[Collected data entries]
::::
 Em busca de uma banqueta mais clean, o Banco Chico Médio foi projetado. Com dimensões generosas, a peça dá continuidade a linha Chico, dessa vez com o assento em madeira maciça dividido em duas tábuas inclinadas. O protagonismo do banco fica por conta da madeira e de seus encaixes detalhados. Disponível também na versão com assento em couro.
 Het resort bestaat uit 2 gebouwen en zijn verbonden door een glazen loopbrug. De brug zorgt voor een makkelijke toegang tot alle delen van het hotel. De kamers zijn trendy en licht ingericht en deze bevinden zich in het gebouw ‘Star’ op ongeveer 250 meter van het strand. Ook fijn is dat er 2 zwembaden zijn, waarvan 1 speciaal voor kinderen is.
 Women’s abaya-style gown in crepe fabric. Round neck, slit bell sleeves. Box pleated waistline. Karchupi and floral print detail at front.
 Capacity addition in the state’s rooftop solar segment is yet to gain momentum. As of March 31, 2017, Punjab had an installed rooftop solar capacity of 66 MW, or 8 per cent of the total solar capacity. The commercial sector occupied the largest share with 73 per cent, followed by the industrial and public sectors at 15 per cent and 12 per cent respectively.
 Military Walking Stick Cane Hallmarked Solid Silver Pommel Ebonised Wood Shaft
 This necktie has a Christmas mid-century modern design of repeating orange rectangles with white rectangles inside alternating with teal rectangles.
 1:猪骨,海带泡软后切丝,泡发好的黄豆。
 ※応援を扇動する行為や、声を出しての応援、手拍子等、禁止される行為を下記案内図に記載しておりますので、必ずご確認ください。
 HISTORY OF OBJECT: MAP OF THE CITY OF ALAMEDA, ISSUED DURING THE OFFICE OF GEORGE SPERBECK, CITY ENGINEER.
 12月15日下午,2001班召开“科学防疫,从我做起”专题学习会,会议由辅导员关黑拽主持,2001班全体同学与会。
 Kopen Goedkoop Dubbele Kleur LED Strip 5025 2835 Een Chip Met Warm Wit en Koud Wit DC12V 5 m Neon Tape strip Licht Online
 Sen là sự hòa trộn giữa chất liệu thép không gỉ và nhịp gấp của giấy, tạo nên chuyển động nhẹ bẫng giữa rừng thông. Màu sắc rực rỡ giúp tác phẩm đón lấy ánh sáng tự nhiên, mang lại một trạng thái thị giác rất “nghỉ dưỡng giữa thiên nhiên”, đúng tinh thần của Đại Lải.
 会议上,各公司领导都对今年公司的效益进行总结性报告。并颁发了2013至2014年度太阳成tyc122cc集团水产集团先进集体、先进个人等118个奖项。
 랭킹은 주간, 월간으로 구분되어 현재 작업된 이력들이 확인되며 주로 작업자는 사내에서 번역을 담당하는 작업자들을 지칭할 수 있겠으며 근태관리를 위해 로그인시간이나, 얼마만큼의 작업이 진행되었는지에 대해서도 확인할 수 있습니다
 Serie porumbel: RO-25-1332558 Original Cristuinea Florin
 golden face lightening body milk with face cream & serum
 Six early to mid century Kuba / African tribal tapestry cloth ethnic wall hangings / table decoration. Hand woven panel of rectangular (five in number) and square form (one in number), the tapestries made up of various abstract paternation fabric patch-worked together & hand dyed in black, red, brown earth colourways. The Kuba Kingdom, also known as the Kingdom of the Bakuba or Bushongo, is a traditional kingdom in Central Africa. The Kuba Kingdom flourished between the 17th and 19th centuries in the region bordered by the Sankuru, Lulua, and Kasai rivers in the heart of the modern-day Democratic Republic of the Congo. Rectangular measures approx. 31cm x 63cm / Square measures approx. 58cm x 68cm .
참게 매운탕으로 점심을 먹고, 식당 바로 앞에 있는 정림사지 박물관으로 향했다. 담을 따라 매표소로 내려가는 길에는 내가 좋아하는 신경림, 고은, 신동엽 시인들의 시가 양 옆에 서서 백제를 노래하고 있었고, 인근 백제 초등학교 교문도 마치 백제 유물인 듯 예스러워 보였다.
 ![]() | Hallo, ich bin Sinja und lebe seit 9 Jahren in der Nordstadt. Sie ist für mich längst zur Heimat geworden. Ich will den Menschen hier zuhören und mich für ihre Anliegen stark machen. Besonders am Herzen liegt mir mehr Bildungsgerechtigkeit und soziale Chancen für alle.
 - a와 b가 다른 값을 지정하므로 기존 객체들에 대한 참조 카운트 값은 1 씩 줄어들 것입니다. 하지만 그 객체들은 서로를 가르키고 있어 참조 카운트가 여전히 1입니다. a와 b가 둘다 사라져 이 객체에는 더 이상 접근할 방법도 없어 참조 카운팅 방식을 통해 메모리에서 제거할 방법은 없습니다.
::::
_What you need to do:_ Starting at the line that has "This necktie has" in the records above, restate word for word every line until the one that has "Kopen Goedkoop Dubbele", and include that one as well.

_Your solution:_
 This necktie has a Christmas mid-century modern design of repeating orange rectangles with white rectangles inside alternating with teal rectangles.
 1:猪骨,海带泡软后切丝,泡发好的黄豆。
 ※応援を扇動する行為や、声を出しての応援、手拍子等、禁止される行為を下記案内図に記載しておりますので、必ずご確認ください。
 HISTORY OF OBJECT: MAP OF THE CITY OF ALAMEDA, ISSUED DURING THE OFFICE OF GEORGE SPERBECK, CITY ENGINEER.
 12月15日下午,2001班召开“科学防疫,从我做起”专题学习会,会议由辅导员关黑拽主持,2001班全体同学与会。
 Kopen Goedkoop Dubbele Kleur LED Strip 5025 2835 Een Chip Met Warm Wit en Koud Wit DC12V 5 m Neon Tape strip Licht Online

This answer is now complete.